Various pretrained Large Language Models (LLMs) today come with notable reasoning capabilities, enabling them to break down intricate issues into simpler steps, offering solutions, actions, and evaluations at each step. By leveraging the sophisticated natural language understanding capabilities of LLMs, AI agents can interpret and generate human-like text, enabling them to comprehend complex queries, engage in dialogue, and perform various knowledge-intensive and language-related tasks with a high degree of precision and context sensitivity.

AI Agents’ great potential and power come with their capability to use external tools, such as a company’s API, a search engine, a RAG component for getting answers using internal private data or another specialized LLM (e.g. code generator).

The most frequent way to connect an AI agent to an external tool is by connecting it to an API. This means that the agent backed by the LLM should be able to understand when a request needs information provided by the API, then pause the processing and call the API with the correct set of parameters, get the response, incorporate it to the rest of information and continue the processing to reach the final response to the initial request. These requests can come from users (conversational agents), other software components or even other LLMs.

The challenge here for the agent is to not only understand that a call to an external API is needed and interrupt the processing to do it, but also be able to select the appropriate method from the API and of course use the correct set of parameters to do the call. During the pre-LLM period, we were building agents using a Natural Language Understanding (NLU) component. This component was either a custom trained intent classifier combined with an Entity Extraction module, or a similar component offered by third party NLUs like Dialogflow, wit.ai and rasa.ai trained on sample utterances/samples of our application. In a similar way, an LLM could be used now as an intent classifier and an entity extraction module in subsequent calls by leveraging appropriate prompts. So, one could use several LLM calls to mimic the previous flow and step-by-step try to determine if an API should be called, which API and method is the one to call and with which parameters. But that doesn’t seem optimal now. Current LLMs should be able to do this more efficiently and in a more automated manner. Is this the case?

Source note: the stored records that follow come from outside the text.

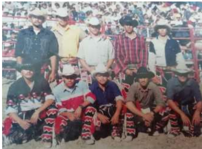
Imagen 39: Extraída de Facebook 2022 cuadrilla de jinetes, 1990

Esto es el uso de botas, camisas vaquera y pantalón de mezclilla entallado, en los años noventa era común el uso de un pañuelo que se amarraba fuertemente en la cabeza del jinete.
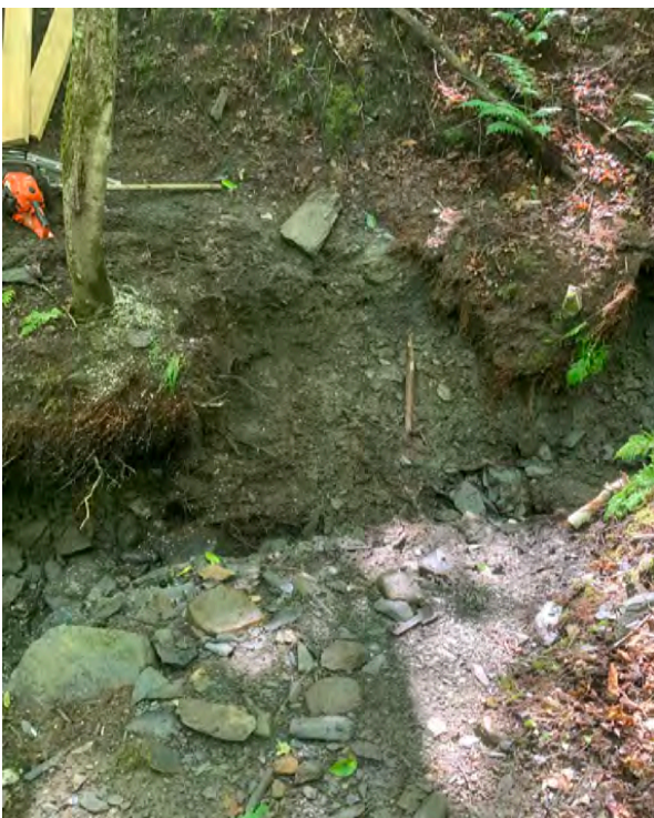
Figure 10 : Passage à gué brisé par Béril

A la suite de la tempête Béril, la fermeture temporaire des sentiers s'est avérée nécessaire : ponts arrachés, passages à gué impraticables. Tout a été rétabli en une semaine grâce au travail de notre responsable de l'entretien. Au cours de la saison, 3 passerelles ont été ajoutées, un pont a été rebâti avec de nouvelles assises, des garde-corps ont été ajoutés sur 2 passerelles.
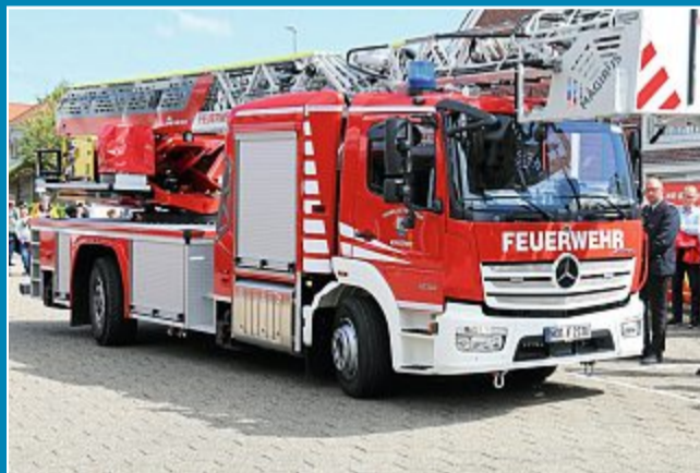
Die Freiwillige Feuerwehr Norderney kündigt für Sonnabend, 20. August, ab 14 Uhr einen Tag der offenen Tür an.
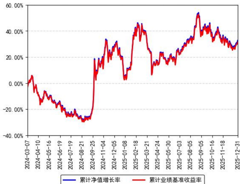
南方中证全指计算机ETF累计净值增长率与同期业绩比较基准收益率的历史走势对比图
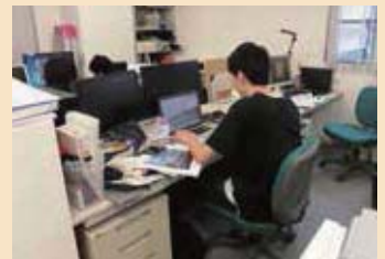
大阪でのインターンシップの様子

大阪本社では今年も 8 月と 9 月の 2 回にわたり、大学インターンシップ生の受け入れを行いました。短い期間の中で設計の仕事により一層興味を持ってもらえる機会となるよう、受け入れる私達も日々自己研鑽が必要だと感じました。

Open AI offers two models, the latest be gpt-3.5-turbo-1106 and gpt-4–1106-preview, which have been trained to both detect when a function should be called (depending on the model input) and then to respond with JSON that adheres to the function signature. This is called Function Calling and it’s the proposed way to connect an agent with an external API.

Except from detecting the API function to call, what is really critical for the LLM in this case is to be able to reliably return structured data back, in a standard format, otherwise we won’t be able to parse the response and determine when, which and how to call an API method. The specifications of the API methods are passed to the model via the prompt.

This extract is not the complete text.